Entries provided:
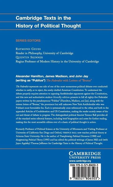The most accessible rendition ever of a classic of political thought in action. Terence Ball presents all eighty-five Federalist papers, along with the sixteen letters of 'Brutus', the New York Antifederalist. Each is systematically cross-referenced to the other, and both to the appended Articles of Confederation and US Constitution.
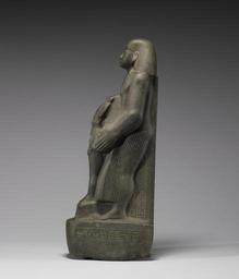 | Keywords: Egyptian - Iret-horru with Osiris - Walters 22215 - Left.jpg In ancient Egypt political upheavals accompanied by changes in religious practices were often an occasion for innovations in private sculpture This was especially evident in the early 18th Dynasty when new statue types representing the donor holding a naos or a sistrum among other objects came into use for the first time The representation of a donor depicted standing seated kneeling or squatting proffering the figure of a deity or a sacred object ensured the donor's eternal participation in the rituals undertaken in the gods' presence Representations of the ritual interaction between men and gods were even more highly sought when the high priests of Amun seized power in Thebes during in the 21st Dynasty and ruled the country's south From this point onward over a period of several centuries statues depicting the donor squatting or holding the image of a god were almost the only statue types dedicated in extraordinary numbers in the temple of Amun at Karnak The vast extent of these dedications was attested early in the 20th century when the French architect Georges Legrain discovered a cache of nearly eight hundred stone statues and seventeen thousand bronzes as well as other artifacts buried in the courtyard of the temple of Amun in front of the 7th pylon The standing figure of the priest Iret-horru was one of these statues-the largest Egyptian statue hoard ever recorded-ritually buried by temple priests in the Ptolemaic period to relieve the crowding of more than two thousand years of private offerings Iret-horru holds the mummified figure of Osiris the god of the netherworld outfitted in his traditional regalia the tall Atef-crown and crook and flail The priest himself wears a wide wig with narrow striations and ankle-length pleated garment with a prominent trapezoidal apron The frontal view exhibits a prominent collarbone and an articulated sternum Despite its awkward proportions the arms in particular are clumsily rendered the statue has a majestic appearance Statues of donors bearing figures of Osiris were among the most popular types of private statuary in the Late Period; this example was dedicated to Iret-horru by his son Necho who also served as a priest in Karnak ca 595 BC Late Period graywacke cm 56 16 accession number 22 215 6796 Sale Egyptian Museum Cairo JE 37890 Dikran Kelekian New York and Paris Henry Walters city Baltimore Walters Art Museum Henry Walters Acquired by Henry Walters 1911 In the Fullness of Time Masterpieces of Egyptian Art from American Collections Hallie Ford Museum of Art Willamette University Salem; Boise Museum of Art Boise 2002-2003 place of origin Egypt Walters Art Museum license Ancient Egyptian statues in the Walters Art Museum Statues of the 21st dynasty of Egypt Media contributed by the Walters Art Museum needs category review Statues from Karnak temple complex Ancient Egyptian priests Ancient Egyptian art made from greywacke |
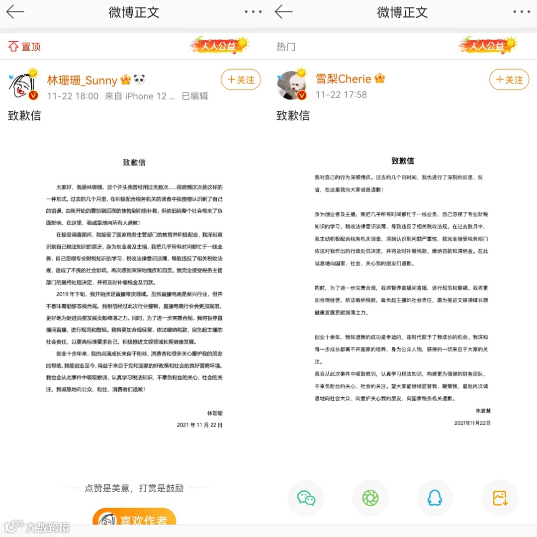 目前,雪梨、林珊珊二人均已在微博上公开道歉。表示完全接受税务部门对自己做出的行政处罚决定,并将及时补缴税金及罚款。
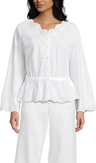 From the scalloped neckline to the ruffled cuffs, this blouse adds a romantic touch to everyday dressing. Finished with delicate embroidery and a flattering peplum waist, it's the kind of piece that feels just as easy as it is special. Choose from airy poplin or soft chambray.
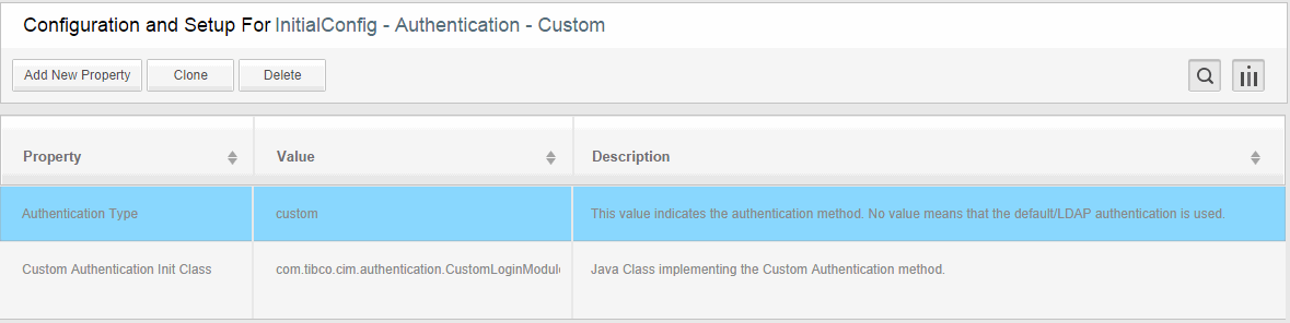 The properties are similar to LDAP except the authentication class. Specify the com.tibco.cim.authentication.CustomLoginModule class.
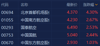 受隔夜美股航空股上涨带动,港股航空股全线反弹,北京首都机场涨4.3%,南方航空、中国国航、国泰航空皆涨超2%。
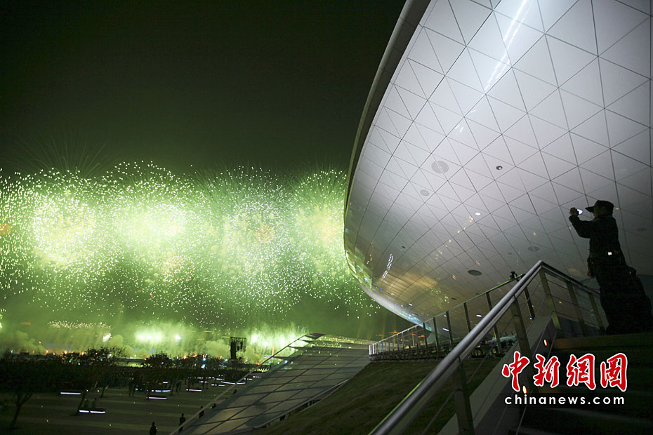4月30日晚21時28分,在世博會焰火燈光表演開始。萬千煙花爭奇斗妍,黃浦江兩岸綿延3.28公里同時奏響火樹銀花不夜天的華彩世博樂章。圖片來源:中國新聞網(wǎng)
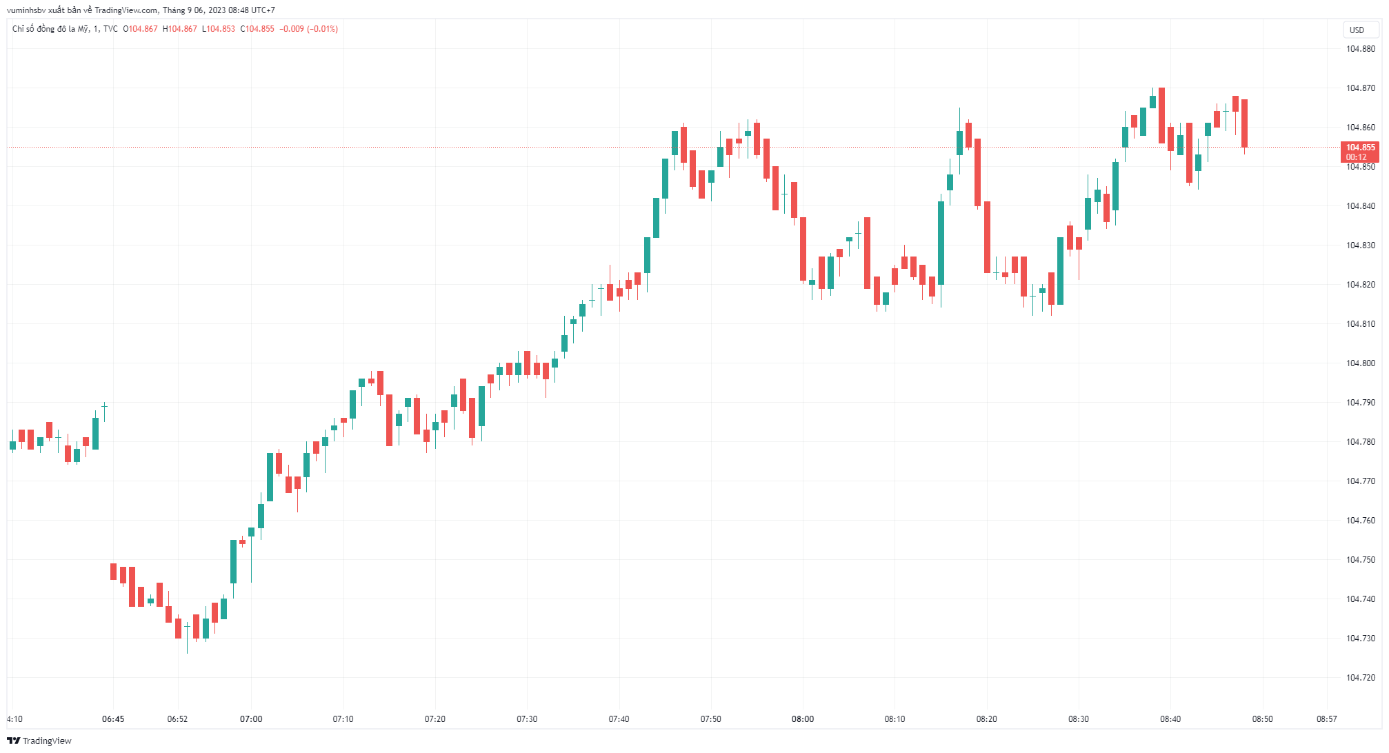 Chỉ số đô la Mỹ (DXY), đo lường biến động của bạc xanh so với 6 đồng tiền chủ chốt (EUR, JPY, GBP, CAD, SEK, CHF), hiện ở mức 104,855 điểm, giảm 0,105 điểm so với thời điểm mở cửa.
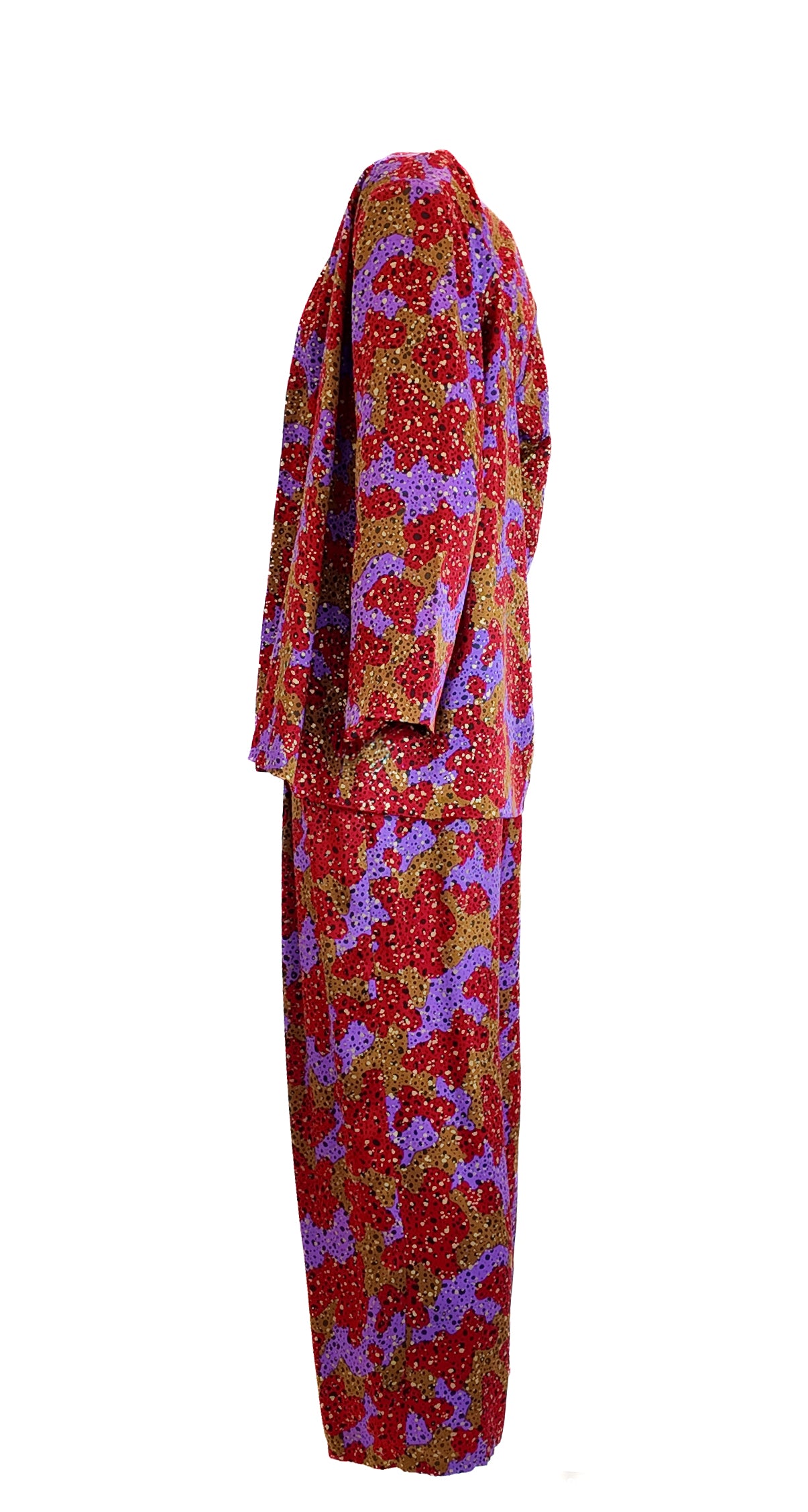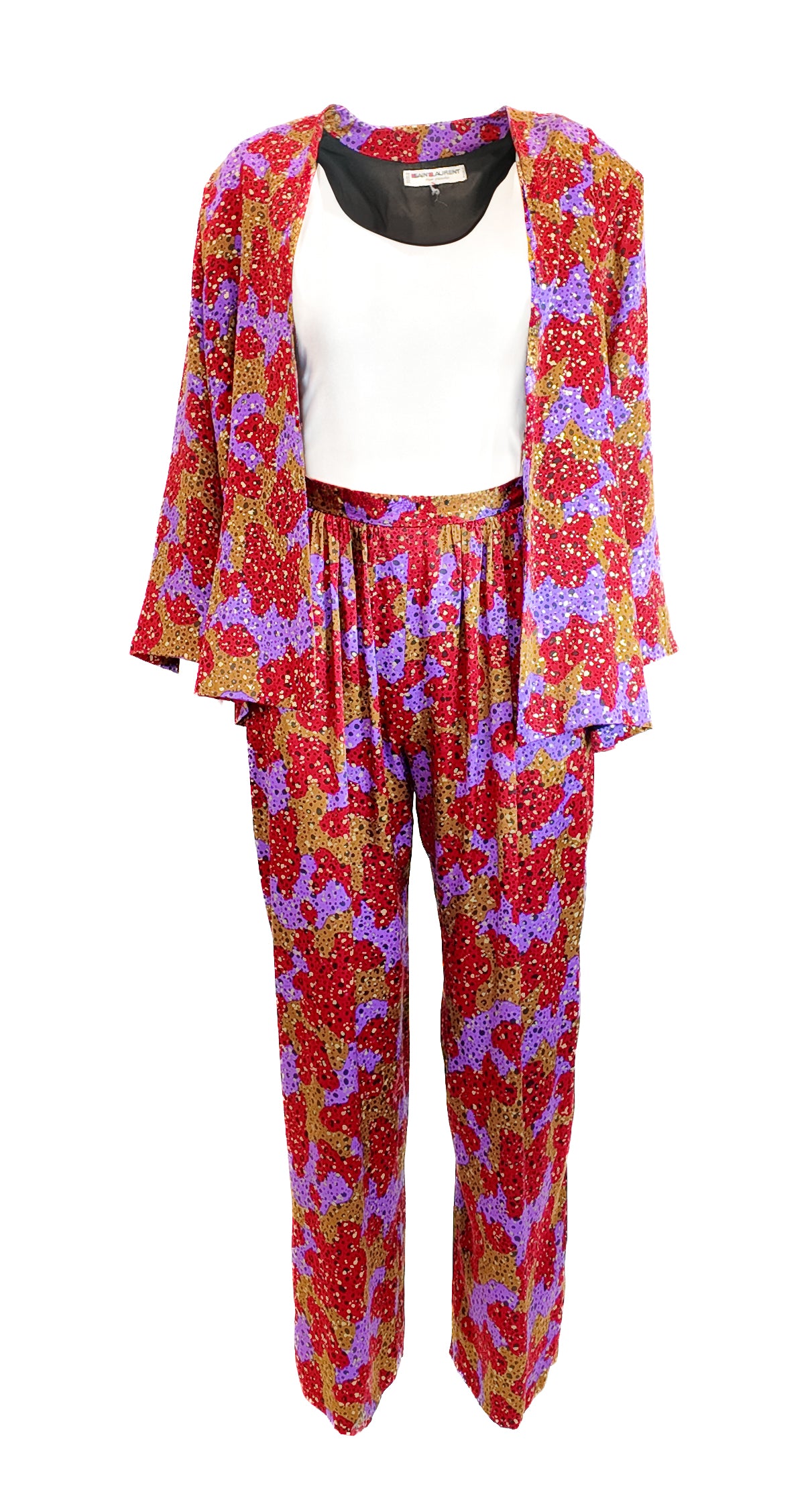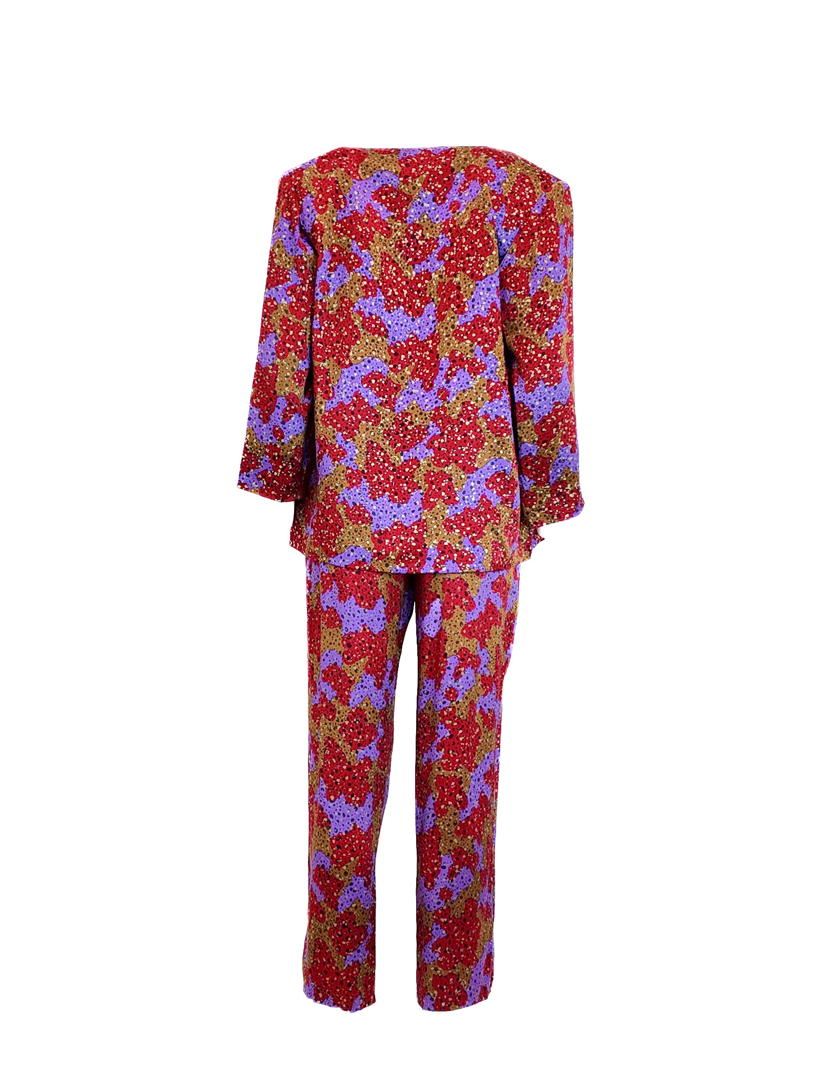 Yves Saint Laurent Rive Gauche Red Printed Silk Pant Set

Task brief: Everything above except the pictures needs to be reproduced exactly.

Result below:
The most accessible rendition ever of a classic of political thought in action. Terence Ball presents all eighty-five Federalist papers, along with the sixteen letters of 'Brutus', the New York Antifederalist. Each is systematically cross-referenced to the other, and both to the appended Articles of Confederation and US Constitution.
 | Keywords: Egyptian - Iret-horru with Osiris - Walters 22215 - Left.jpg In ancient Egypt political upheavals accompanied by changes in religious practices were often an occasion for innovations in private sculpture This was especially evident in the early 18th Dynasty when new statue types representing the donor holding a naos or a sistrum among other objects came into use for the first time The representation of a donor depicted standing seated kneeling or squatting proffering the figure of a deity or a sacred object ensured the donor's eternal participation in the rituals undertaken in the gods' presence Representations of the ritual interaction between men and gods were even more highly sought when the high priests of Amun seized power in Thebes during in the 21st Dynasty and ruled the country's south From this point onward over a period of several centuries statues depicting the donor squatting or holding the image of a god were almost the only statue types dedicated in extraordinary numbers in the temple of Amun at Karnak The vast extent of these dedications was attested early in the 20th century when the French architect Georges Legrain discovered a cache of nearly eight hundred stone statues and seventeen thousand bronzes as well as other artifacts buried in the courtyard of the temple of Amun in front of the 7th pylon The standing figure of the priest Iret-horru was one of these statues-the largest Egyptian statue hoard ever recorded-ritually buried by temple priests in the Ptolemaic period to relieve the crowding of more than two thousand years of private offerings Iret-horru holds the mummified figure of Osiris the god of the netherworld outfitted in his traditional regalia the tall Atef-crown and crook and flail The priest himself wears a wide wig with narrow striations and ankle-length pleated garment with a prominent trapezoidal apron The frontal view exhibits a prominent collarbone and an articulated sternum Despite its awkward proportions the arms in particular are clumsily rendered the statue has a majestic appearance Statues of donors bearing figures of Osiris were among the most popular types of private statuary in the Late Period; this example was dedicated to Iret-horru by his son Necho who also served as a priest in Karnak ca 595 BC Late Period graywacke cm 56 16 accession number 22 215 6796 Sale Egyptian Museum Cairo JE 37890 Dikran Kelekian New York and Paris Henry Walters city Baltimore Walters Art Museum Henry Walters Acquired by Henry Walters 1911 In the Fullness of Time Masterpieces of Egyptian Art from American Collections Hallie Ford Museum of Art Willamette University Salem; Boise Museum of Art Boise 2002-2003 place of origin Egypt Walters Art Museum license Ancient Egyptian statues in the Walters Art Museum Statues of the 21st dynasty of Egypt Media contributed by the Walters Art Museum needs category review Statues from Karnak temple complex Ancient Egyptian priests Ancient Egyptian art made from greywacke |
 目前,雪梨、林珊珊二人均已在微博上公开道歉。表示完全接受税务部门对自己做出的行政处罚决定,并将及时补缴税金及罚款。
 From the scalloped neckline to the ruffled cuffs, this blouse adds a romantic touch to everyday dressing. Finished with delicate embroidery and a flattering peplum waist, it's the kind of piece that feels just as easy as it is special. Choose from airy poplin or soft chambray.
 The properties are similar to LDAP except the authentication class. Specify the com.tibco.cim.authentication.CustomLoginModule class.
 受隔夜美股航空股上涨带动,港股航空股全线反弹,北京首都机场涨4.3%,南方航空、中国国航、国泰航空皆涨超2%。
4月30日晚21時28分,在世博會焰火燈光表演開始。萬千煙花爭奇斗妍,黃浦江兩岸綿延3.28公里同時奏響火樹銀花不夜天的華彩世博樂章。圖片來源:中國新聞網(wǎng)
 Chỉ số đô la Mỹ (DXY), đo lường biến động của bạc xanh so với 6 đồng tiền chủ chốt (EUR, JPY, GBP, CAD, SEK, CHF), hiện ở mức 104,855 điểm, giảm 0,105 điểm so với thời điểm mở cửa.
 Yves Saint Laurent Rive Gauche Red Printed Silk Pant Set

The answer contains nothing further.